Agents are an important contact when consumers have problems in filing a health insurance claim, according to a new survey by the National Association of Insurance and Financial Advisors (NAIFA).
NAIFA undertook the survey at the request of the National Association of Insurance Commissioners (NAIC).
In a presentation at the fall meeting of the NAIC, held in Orlando, Fla., Diane Boyle, NAIFA vice president, federal government relations, told the commissioners that “agents play a critical role in servicing clients with local, personalized and cost-effective ways that deliver value. And the carriers know that.”
According to the survey, agents say they receive an average of 223 requests each year from clients seeking help filing claims.
Of the agents surveyed, 69% said each claims issue requires them to contact the insurance company at least twice on behalf of the client, while 11% said each claims issue requires six or more calls.

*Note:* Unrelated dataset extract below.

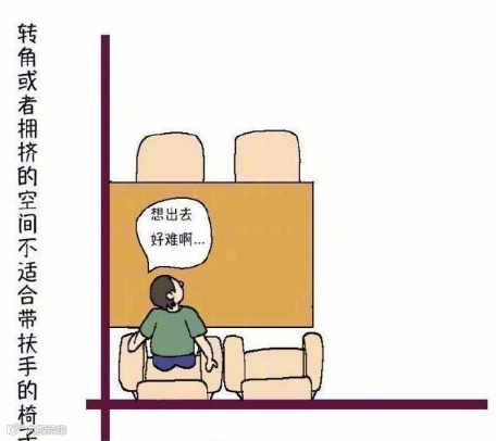 转角或者拥挤的空间不适合带扶手的椅子。

Additionally, 82% said they contact the client at least twice per problem claim to follow up, provide updates or request additional information.
The survey was based on a poll of 806 NAIFA members.
“In the wake of our country’s massive healthcare overhaul, the role of the agent is more important than ever,” Terry Headley, NAIFA president, commented.
He called agents “highly trained professionals who handle many of the complex issues in healthcare–including claims assistance–that would otherwise result in headaches for consumers, not to mention add to the workload of state insurance departments if consumers had nowhere else to turn.”
Agents also serve an educational role when it comes to the claims process, Headley noted. Of survey respondents, 71% said they provide service calls to clients to explain the claims process and answer questions.
In addition, licensed health insurance specialists design benefit plans, explain how individuals can coordinate available public and private benefits, and solve problems that may occur once coverage is in place, Headley said.
Ultimately, however, NAIC in a plenary meeting Thursday decided it did not have the authority to honor agents’ request to exempt them from the restrictions imposed on administrative costs in health insurance through the medical loss ratio (MLR) formula set forth in the Patient Protection and Affordable Care Act.
The decision was made, despite the fact that 15 state commissioners sought to exempt the agents from the MLR through a so-called “pass-through” mechanism.
The formula as crafted by the NAIC now goes to the federal Department of Health and Human Services for final action.